Initial conditions do not average out in complex systems
If you are familiar with chaos theory, you'll know that the initial conditions in complex systems such as climate or the weather matter a great deal. The so-called "butterfly effect" is an exaggeration, but the effect is very real and is part of the physical system itself. It's not something that gets introduced because the numerical computer model of the physical system is poor.
It seems intuitive that initial conditions "average out". In the simple systems most of us deal with, that's what happens. Flipping a coin is actually one such simple system. It has only two measurable results: heads or tails. Nobody cares about how many times it flipped in the air, how many times it bounced, or even if it landed on a slight angle on the carpet. So you can do statistics and predict how many heads or tails you'll get. If you also had to predict the numbers of flips and bounces and the angle at which it landed on the carpet, you'd find a statistical analysis would be much harder.
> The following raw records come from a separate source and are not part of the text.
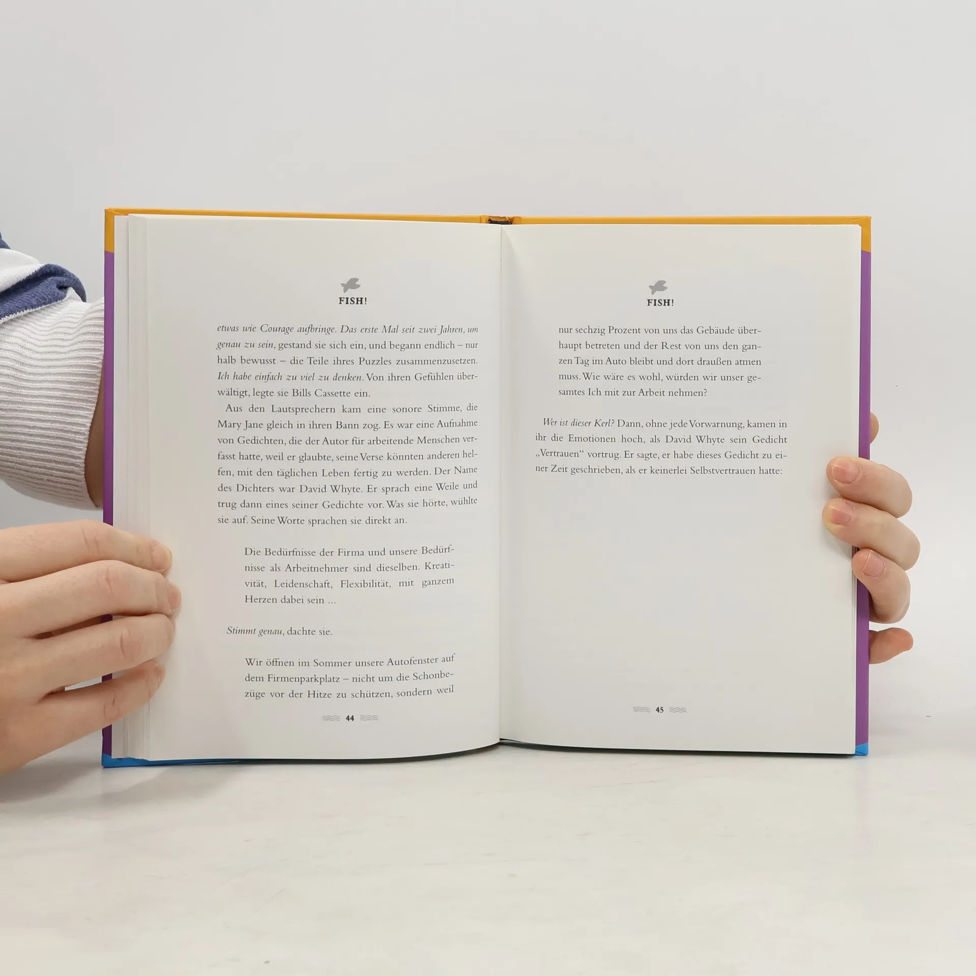 „Fish!™“ verrät das Erfolgsgeheimnis des weltberühmten Pike Place Fischmarkts in Seattle. Die Geschichte zeigt, wie unglaublich wichtig es ist, eine positive Lebenseinstellung zu haben. Das Autorenteam gibt dem Leser vier schlichte Handlungsmaximen mit auf den Weg, die seine Arbeits- und Lebenseinstellung revolutionieren werden. Denn wer beschließt, alles, was er ohnehin tun muss, mit Freude zu tun, motiviert sich selbst und kann ein ganzes Team erfolgreich zu Spitzenleistungen bringen.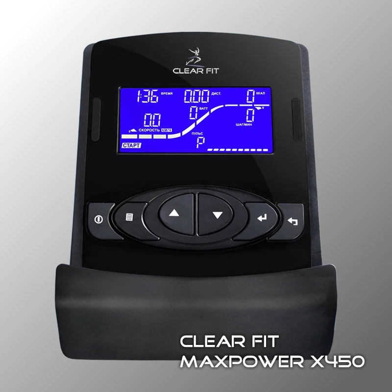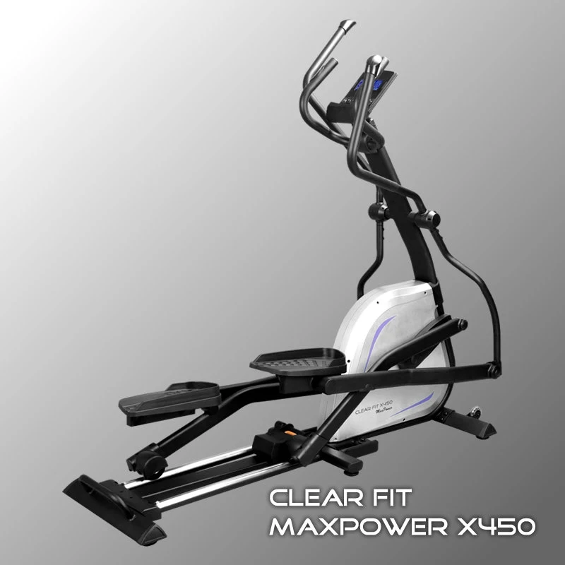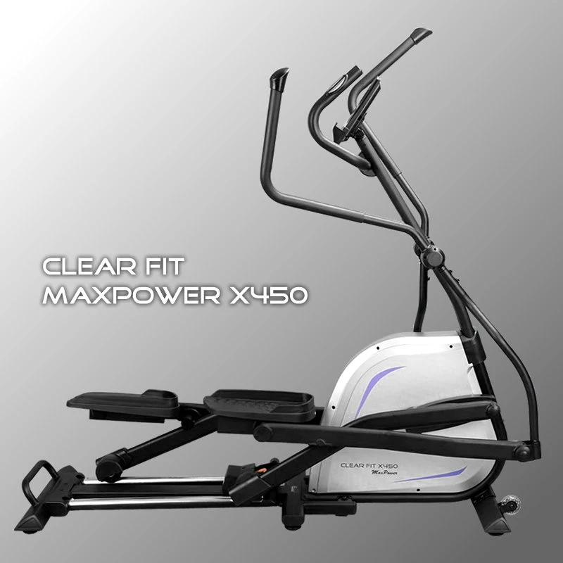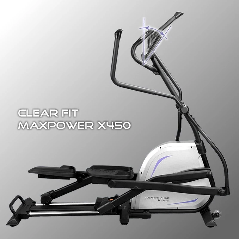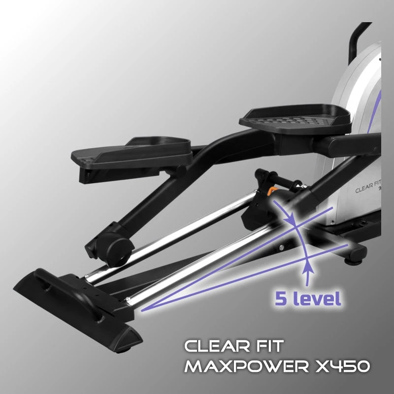 Elliptical trainer clear fit x 450 series MAXpower equipped подъемным mechanism, that allows you to change the angle of the trajectory in 5 positions for more effective проработки major muscle groups. Correct биомеханика and universal ergonomics design provide effective workout. Wide pitch 51 cm, min Q-factor 45mm and smooth running guarantee natural физиологию motion for maximum effective workout.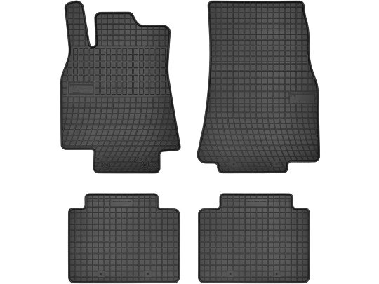 Dywaniki gumowe wykonane są z czarnej, wysokogatunkowej i bezzapachowej gumy o podwyższonej odporności na ścieranie. Posiadają estetyczny rant oraz gęstą kratkę, które zapobiegają przedostawaniu się zabrudzeń na tapicerkę samochodu.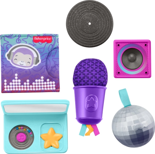 Pískací mikrofon, disco chrastítko, silikonový „reproduktor“, kousátko–deska a šuštivý obal tvoří zábavnou sadu inspirovanou hudbou pro smyslové zkoumání a hraní rolí.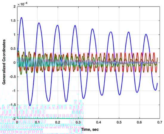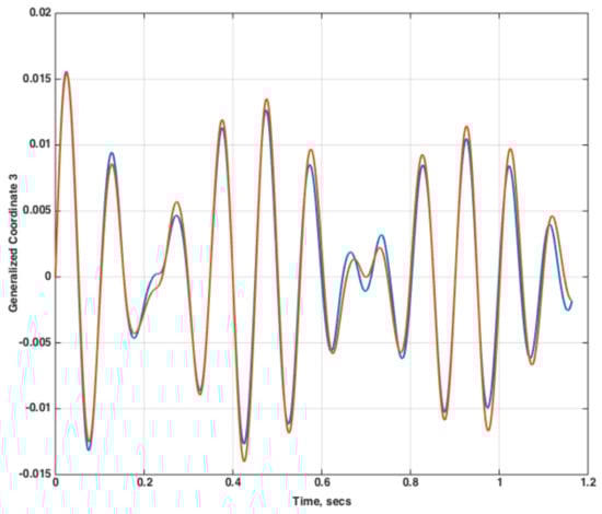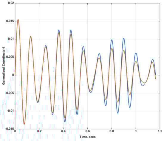 Clearly, the nonlinear unsteady aerodynamic responses of a flexible vehicle comprise a multi-input/multi-output (MIMO) system with respect to the modal inputs and generalized aerodynamic outputs. In the situation where the goal is the simultaneous excitation of such a MIMO system, system identification techniques [,,] indicate that the input excitations must be properly defined in order to generate stable and accurate input/output models of the system. A critical requirement is that these input excitations be different, mathematically, from each other. If identical excitation inputs are applied simultaneously, the task of separating the various contributions of each input becomes nearly impossible. This effect makes it practically impossible for a system identification algorithm to extract the individual impulse responses for each input/output pair. It is essential that the individual impulse responses for each input/output pair be properly identified so that an accurate model can be generated.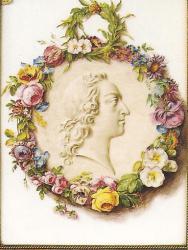 Ил.253. Портрет Людовика XV en grisaille в раме в виде цветочного венка. Фарфор, надглазурная роспись. Франция, Севр, 1761. ГЭ, Санкт-Петербург [51, с. 69 ].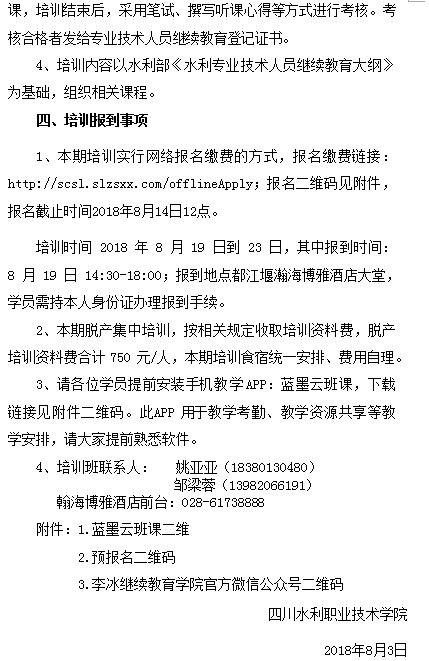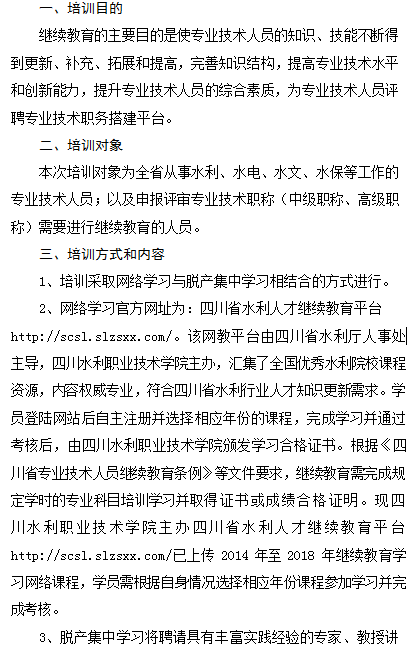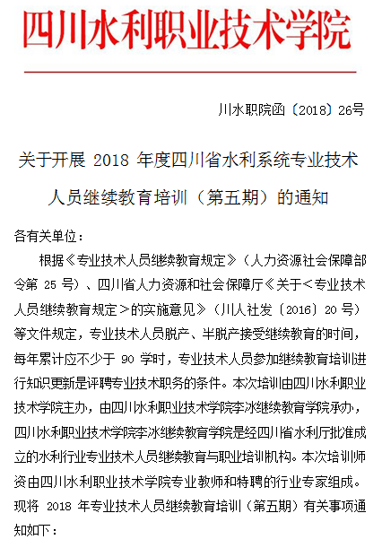 关于开展 2018 年度四川省水利系统专业技术人员继续教育培训(第五期)的通知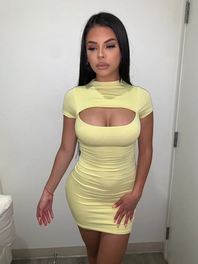 ~Short sleeve dress made from nice stretchy material and has front chest key hole detail, Dress is great for a nice special occasion and perfect with a cropped jacket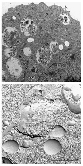 Detailed analysis of the same sample with a transmission electron microscope shows cytoplasmic vacuoles with single and double membranes, containing cytoplasmic organelles and material to be digested and recycled (Figure 6A). Observation of samples prepared following the standard inclusion procedures allows the different phases of the autophagic vacuole formation and maturation (initiation, nucleation, phagophore formation, autophagosome, fusion of autophagosome with lysosome and autophagolysosome) to be defined [53]. If the samples are prepared using a rapid freezing technique with plasma membrane fracture (known as freeze-fracturing technique), a deep understanding of the vacuolar molecular membrane organization is obtained (Figure 6B).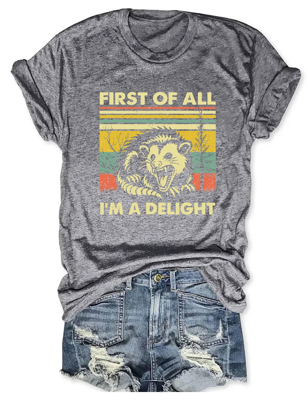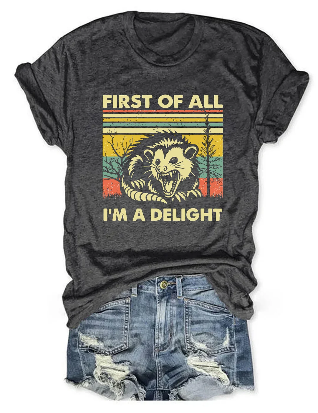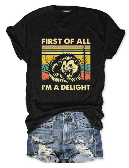 First Of All I'm A Delight Sarcastic Casual Loose Text Letters Crew Neck T-Shirt
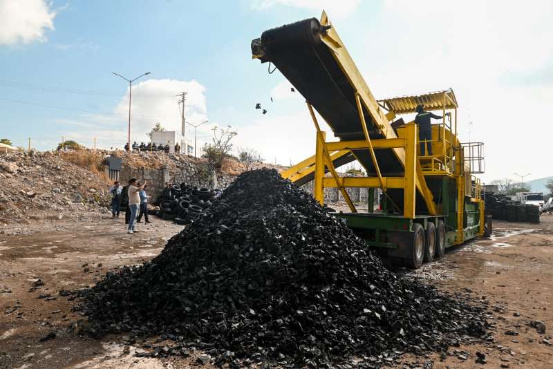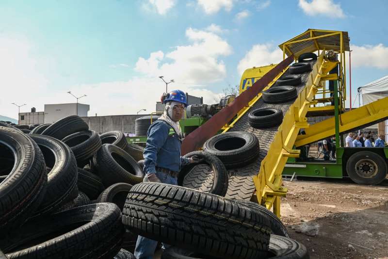 Al concluir el evento, la Gobernadora y las autoridades presenciaron una demostración del proceso mediante el cual los neumáticos son triturados para su posterior traslado a la planta de Tepetzingo, en el municipio de Emiliano Zapata, donde se convertirán en combustible alterno.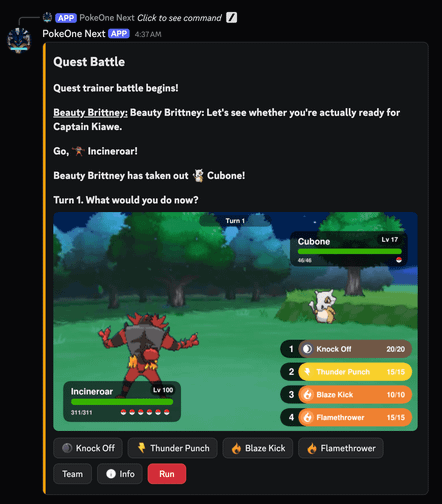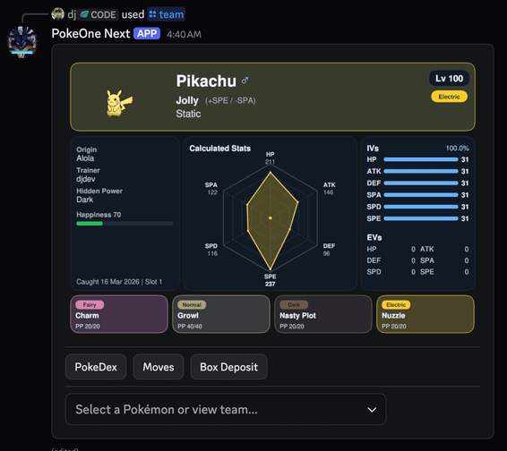 /team | See your team slotView specific Pokémon slot (1-6) |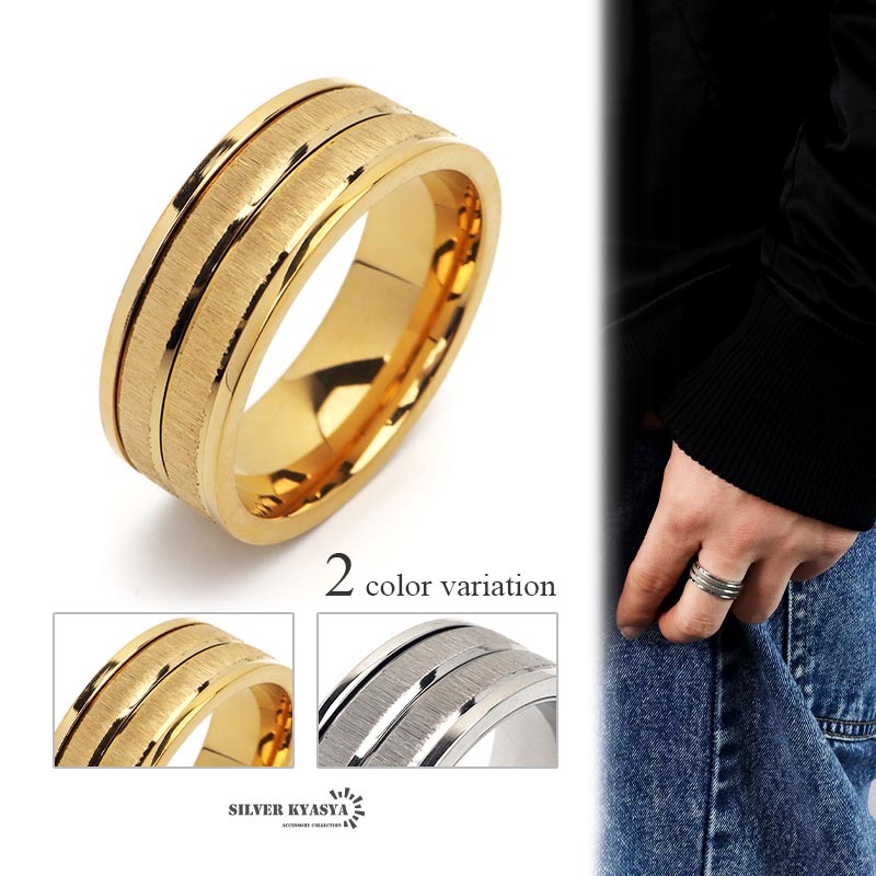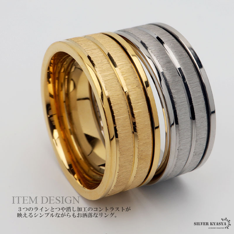 3つのラインとつや消し加工のコントラストが映えるシンプルながらもお洒落なリング。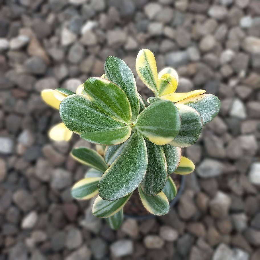 The Variegated Jade Plant (Crassula Ovata Variegated) is a beautiful and hardy succulent with thick, fleshy leaves featuring creamy-white and green variegation, sometimes tinged with pink edges under bright sunlight. This slow-growing plant forms a compact, tree-like shape and can reach up to 1 meter tall, making it perfect for both indoor and outdoor gardens. It is known as a symbol of prosperity and good luck, making it a popular choice among plant lovers.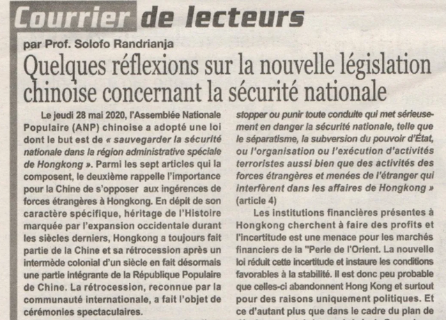 近日,馬達加斯加政治研究學(xué)院、塔馬塔夫大學(xué)教授蘇魯夫先生在馬達加斯加主流報紙上發(fā)表文章《關(guān)于對中國涉港國家安全立法的幾點思考》。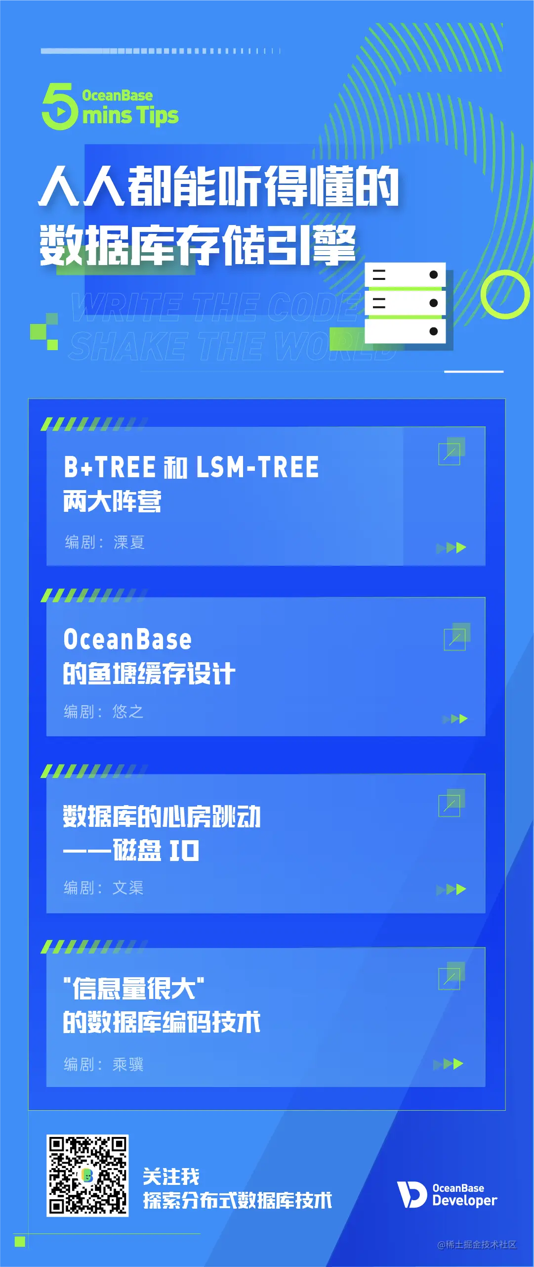 OceanBase 5mins Tips 是 OceanBaseDev 社群推出的系列技术短视频,五分钟讲解一个技术点,并于每周五准时与大家分享,已经有越来越多“追剧”的开发者们了,如果你还没有关注,欢迎在文末关注我们的视频号(ID:OB小话唠)或者访问 OceanBase 官网“开发者”版块。

Climate or the weather are complex systems where such details matter. It's no good just to say it's getting hotter or it's getting colder. You have to say where it's getting hotter or cooler and by how much. You have to worry about feedback loops such as increased evaporation creating more clouds which might reflect sunlight back into space. Suddenly it's very complex.
Climate scientists can take a model, do a lot of simulated runs with it, and show that it converges to an average. But that's not the same thing as saying it accurately reflects nature. It doesn't justify using that model to predict the future under different conditions such as more CO2. We have only one actual climate history where we have accurate knowledge, namely the last 150 years. Coming up with a model that matches that one brief history doesn't prove that it works with the different climates of past eons. If the climate models were accurate descriptions of the physical system from first principles, you'd have a much better chance of that.